The International Data Corporation (IDC) has reported that there has been a 13.5% increase in spending on computing and storage infrastructure products for cloud infrastructure, based on data from its Worldwide Quarterly Enterprise Infrastructure Tracker: Buyer and Cloud Deployment.
Cloud infrastructure spending in 2021
In the fourth quarter of 2021 (4Q21), cloud infrastructure spending, including dedicated and shared environments, increased to $21.1 billion, which is the second consecutive quarter of year-over-year growth.
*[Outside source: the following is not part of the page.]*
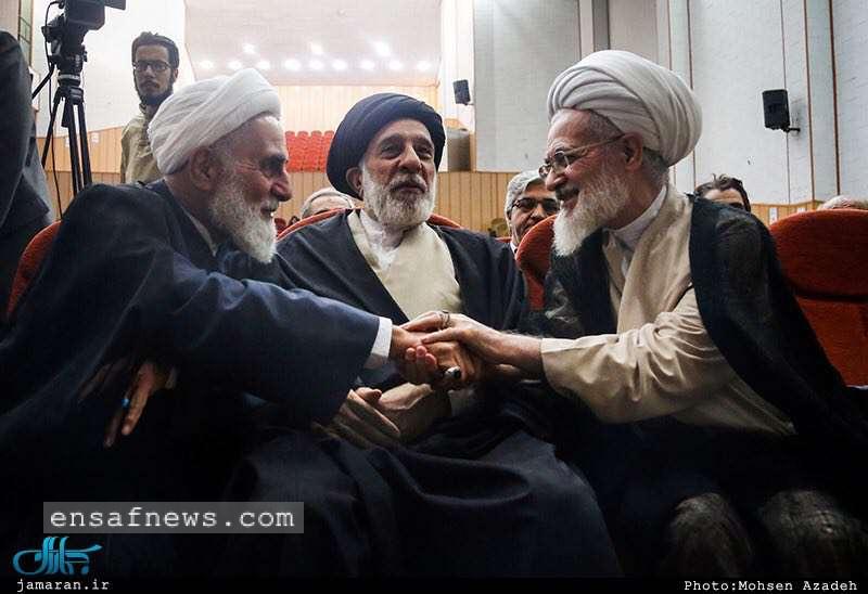 احوالپرسي آيت الله بيات زنجاني از مراجع تقليد و حجت الاسلام والمسلمين ناطق نوري، عضو مجمع تشخيص مصلحت نظام در حاشيه ی مراسم بزرگداشت شهيد آيت الله بهشتي در كانون توحيد تهران.

In 2021, cloud infrastructure and spending totaled $73.9 billion which is 8.8% more than the spending in 2020.
The non-cloud infrastructure investments have also increased 1.5%, totaling $17.2 billion in 4Q21 year over year, marking the fourth consecutive quarter of growth. The spending reached $59.6 billion in 2021, which is an increase of 4.2% compared to 2020.
4Q21 spending on shared cloud infrastructure reached $14.4 billion, which is an increase of 13.9% compared to 2020. It totaled $51.4 billion for 2021, indicating an increase of 7.5% from 2020.
There has been 12.5% year over year increase in spending on dedicated cloud infrastructure in 4Q21, amounting to $6.7 billion and a growth of 11.8% in the year 2021 totaling to $22.5 billion.
According to IDC, service providers as a group spent $21.2 billion on compute and storage infrastructure which accounted for 55.4% of total compute and storage infrastructure spending in 4Q21, which is an 11.6% increase from 4Q20. Total spending by service providers in 2021 reached $75.1 billion on 8.5% year-over-year growth, which accounted for 56.2% of total compute and storage infrastructure spending.
Regional level cloud infrastructure spending
The year-over-year spending on cloud infrastructure had increased in most regions in 4Q21 except Western Europe and Latin America, which declined for the quarter.
In 2021, Asia/Pacific excluding Japan and China grew the most at 43.7% year over year. While Canada, Central, and Eastern Europe, the Middle East and Africa, and China grew by double-digits, Japan grew in the high single digits, and Western Europe in the low single digits. The United States grew 1.5% while Latin America declined for the year.
Cloud infrastructure spending predictions for 2022
As per IDC, there will be a continuously strong demand for shared cloud infrastructure. This will increase the spending on shared cloud infrastructure which can surpass non-cloud infrastructure spending in 2022.
For 2022, IDC forecasts:
- Growth of 21.7% in spending on cloud infrastructure amounting to $90.0 billion compared to 2021.
- The decline of 0.3% in non-cloud infrastructure spending will amount to $59.4 billion.
- 5% increase in shared cloud infrastructure spending year over year totaling $64.5 billion.
- Dedicated cloud infrastructure spending growth of 13.1% reaching $25.4 billion.
- Compute and storage spending by service providers to grow 18.7% year over year, reaching $89.1 billion.
- Spending on cloud infrastructure spending for most regions to grow with the highest growth in the United States at 27.8% and a decline of 21.7% year over year in Central and Eastern Europe.
Long-term forecasts
IDC’s long-term forecasts for 2021-26 indicate that spending on compute and storage cloud infrastructure will have a compound annual growth rate (CAGR) of 12.6% over 2021-2026, reaching $133.7 billion in 2026 which will account for 68.6% of total compute and storage infrastructure spend.
- Growing at a 13.4% CAGR, shared cloud infrastructure will account for 72.0% of the total cloud amount.
- Spending on dedicated cloud infrastructure will see a CAGR of 10.7%.
- Non-cloud infrastructure spending is expected to flatten out at a CAGR of 0.5%, reaching $61.2 billion in 2026.
- Compute and storage infrastructure spending by service providers is expected to grow at an 11.7% CAGR and reach $130.6 billion in 2026.